> **AIM OF THE TASK**
Beginning at the line containing "exclusiver 12er Satz", repeat each line below exactly up to and including the line containing "Vector illustration.Paper cut". Do not repeat the pictures.

> **GIVEN DATA**
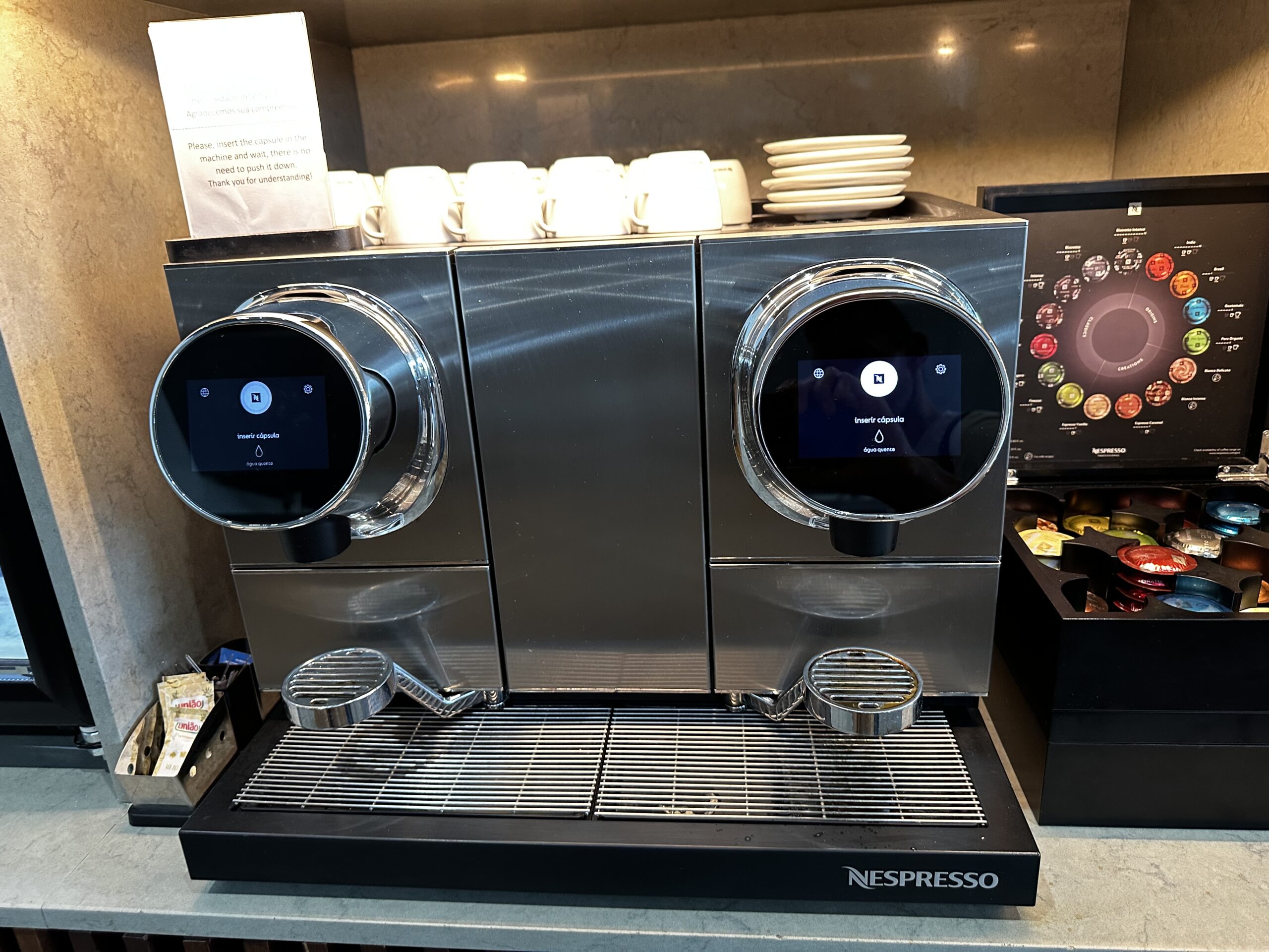 Statuskunden und Fluggäste der First und Business Class sämtlicher Carrier dürfen ebenfalls hier rein, im Fall von SWISS oder Lufthansa werden auch Statuskunden mit Star Alliance Gold Karte akzeptiert. Normalerweise darf man hier drei Stunden vor Abflug rein, wir waren schon etwas früher da, die Rezeptionistin machte eine Ausnahme.
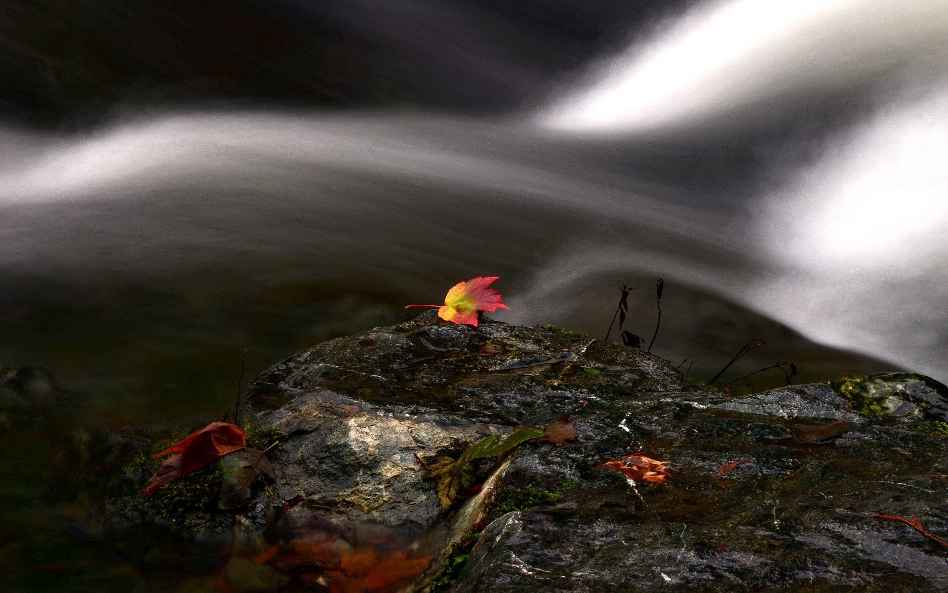 Sonbahar manzarası. Nehrin berrak suları düşmüş bir yaprağı taşır
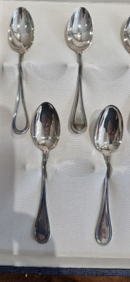 exclusiver 12er Satz Espresso~ Mokka Löffelchen aus 800er Silber 9,5 cm Länge, Italien vermutlich Hersteller Greggio, Mod, Giorgio I
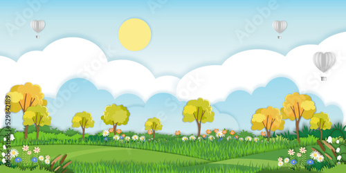 Vector illustration.Paper cut style of field landscape in summer time, Paper art spring landscape with blue sky and hot air balloons heart flying, panorama flat cartoon for Eco environmental backgroud
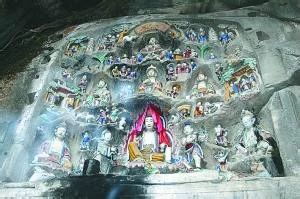 清人在西月台左侧岩壁上开凿了佛像一龛。呈船形,龛高4米;宽3.4米。造像130尊,大小各异。顶端正中造像为弥来自勒佛,施结恤迭坐;手持吉祥果。高509米,失边富零座下施对称两首神鸟。中间为西方三至,阿弥陀佛,头饰花冠,结跏迭坐,左为送子观音,怀抱一小孩;右为在势至菩萨;佛高15米,菩萨各高1.3米。底部为华严三圣,中为毗卢舍那佛,高1.7米,头戴花冠,高肉鬓,双耳下垂,面修长双眼垂视,身着袈裟,褒衣360百科缚带,袒胸,结跏迭坐于危京束腰须弥坐上,底坐施蟠龙。左右为文殊、普贤、座为青狮、白象。并待狮奴、像奴;另有弟子各一,紧靠佛身,待立于莲叶之上。
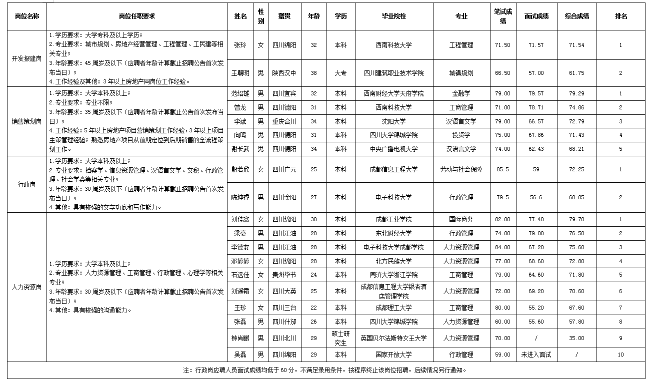 根據綿陽市綿投置地有限公司發(fā)布的招聘公告及招聘相關規(guī)定,經筆試、面試等程序,現將筆試、面試成績予以公示。

> **ANSWER**
 exclusiver 12er Satz Espresso~ Mokka Löffelchen aus 800er Silber 9,5 cm Länge, Italien vermutlich Hersteller Greggio, Mod, Giorgio I
 Vector illustration.Paper cut style of field landscape in summer time, Paper art spring landscape with blue sky and hot air balloons heart flying, panorama flat cartoon for Eco environmental backgroud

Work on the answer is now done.